Journal of Combinatorics

Volume 11 (2020)

Number 4

Frieze vectors and unitary friezes

Pages: 681 – 703

DOI: https://dx.doi.org/10.4310/JOC.2020.v11.n4.a6

Authors

Emily Gunawan (Department of Mathematics, University of Connecticut, Storrs, Ct., U.S.A.)

Ralf Schiffler (Department of Mathematics, University of Connecticut, Storrs, Ct., U.S.A.)

Abstract

Let $Q$ be a quiver without loops and $2$-cycles, let $\mathcal{A}(Q)$ be the corresponding cluster algebra and let $\mathbf{x}$ be a cluster. We introduce a new class of integer vectors which we call frieze vectors relative to $\mathbf{x}$. These frieze vectors are defined as solutions of certain Diophantine equations given by the cluster variables in the cluster algebra. We show that every cluster gives rise to a frieze vector and that the frieze vector determines the cluster.

We also study friezes of type $Q$ as homomorphisms from the cluster algebra to an arbitrary integral domain.
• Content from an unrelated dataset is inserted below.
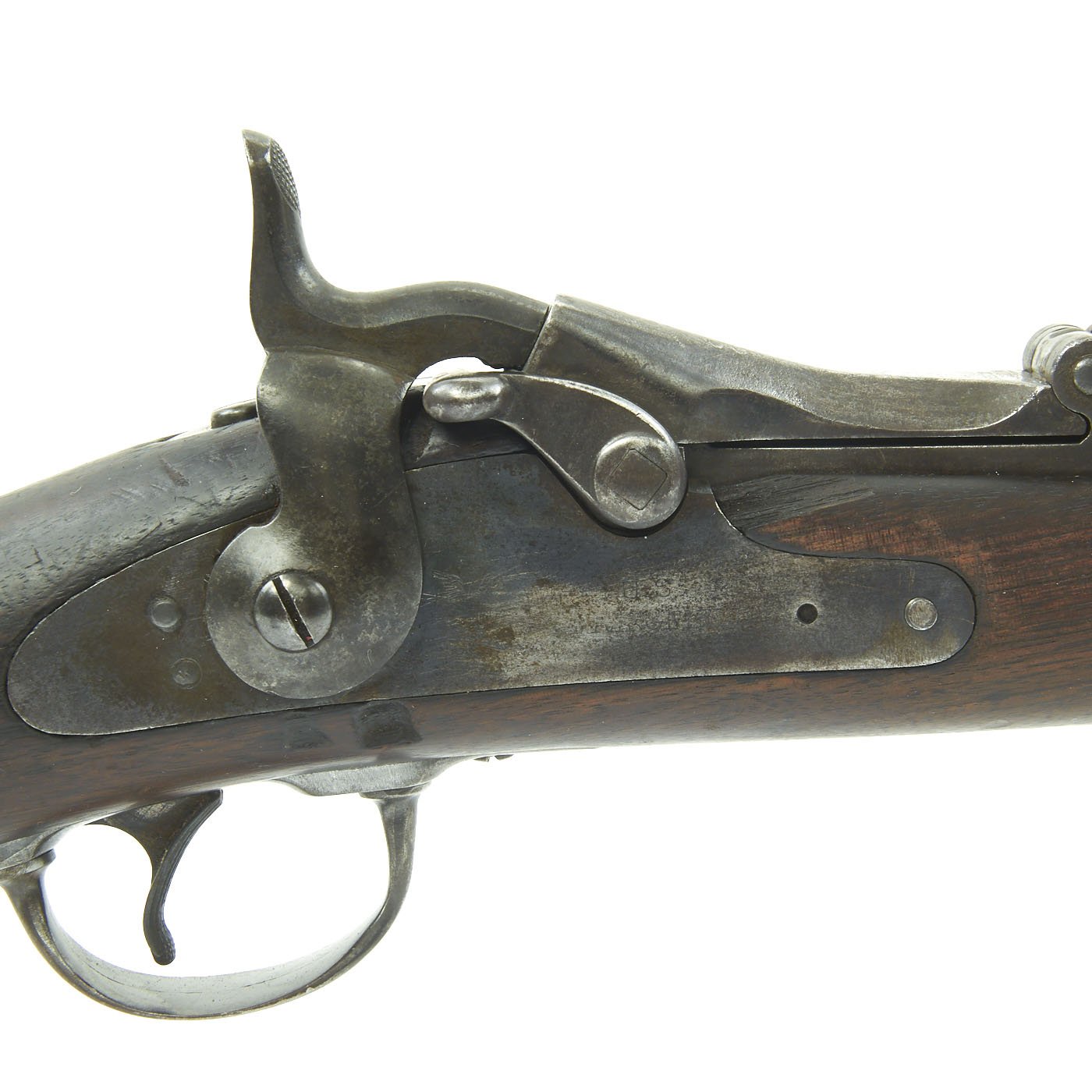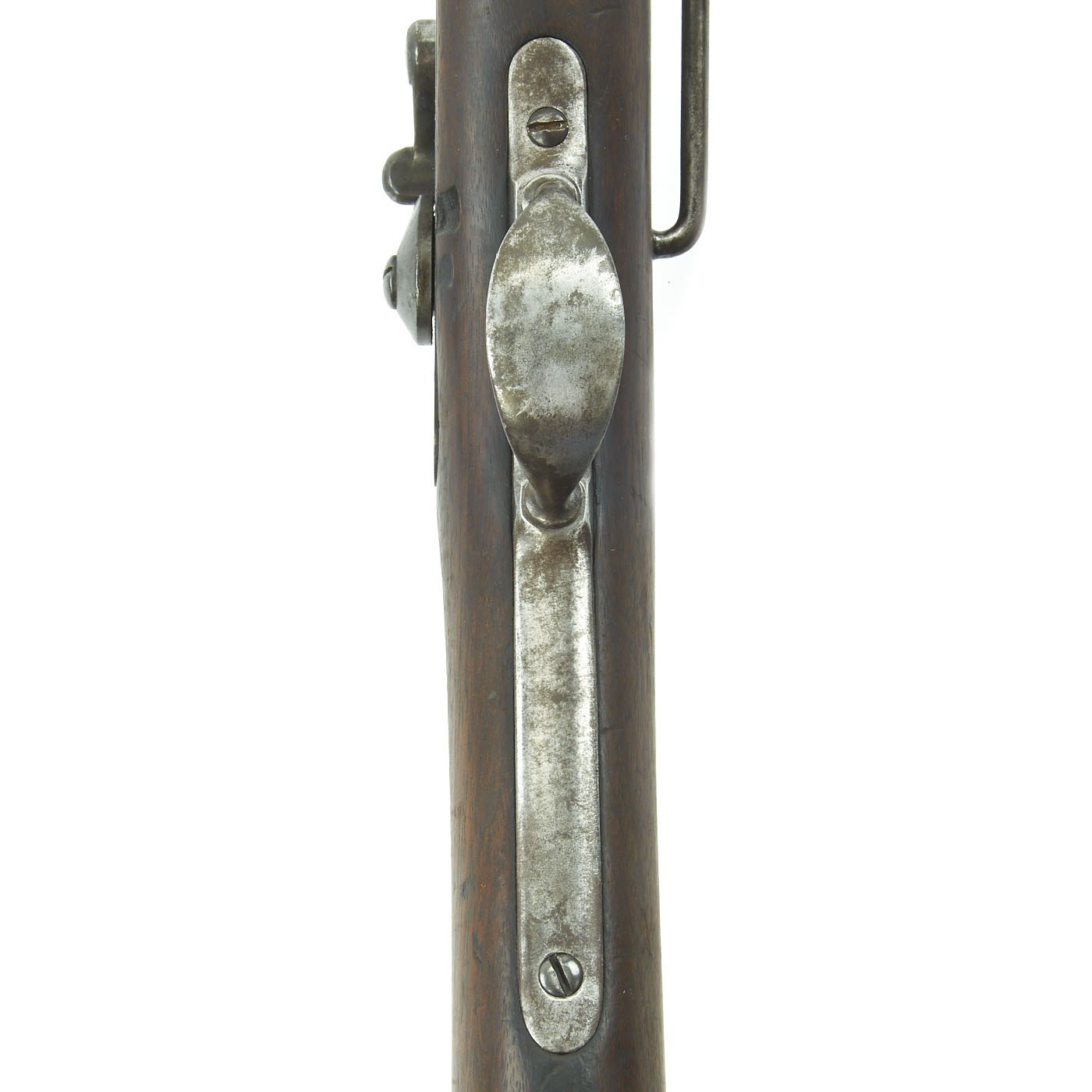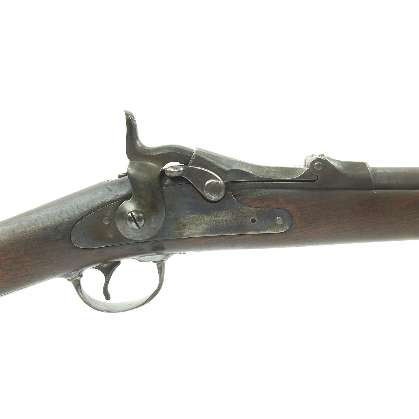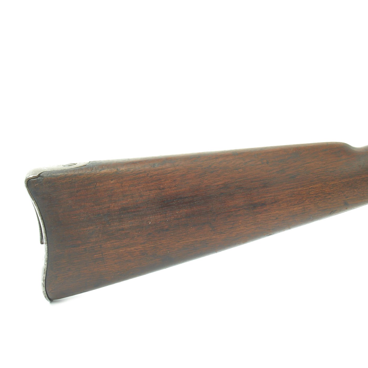 The butt plate is marked U.S. though the front band/guard is unmarked. Metal finish is quite good, with the original blue fading to plum, and some rust speckling. Center fire breechloader, .45 cal., single band, saddle-ring on sliding bar, and carbine Buffington sight. Lock is faintly marked with an eagle and U.S. / SPRINGFIELD, manufactured by Springfield Armory, Springfield Massachusetts.

Moreover, we show that every positive integral frieze of affine Dynkin type $\tilde{\mathbb{A}}_{p,q}$ is unitary, which means it is obtained by specializing each cluster variable in one cluster to the constant $1$. This completes the answer to the question of unitarity for all positive integral friezes of Dynkin and affine Dynkin types.

Keywords

cluster algebra, frieze

2010 Mathematics Subject Classification

Primary 13F60. Secondary 16G20.

The first-named author is supported by the NSF-CAREER grant DMS-1254567 and by the University of Connecticut.

The second-named author is supported by the NSF-CAREER grant DMS-1254567, the NSF grant DMS-1800860 and by the University of Connecticut.

Received 2 September 2018

Accepted 16 December 2019

Published 9 October 2020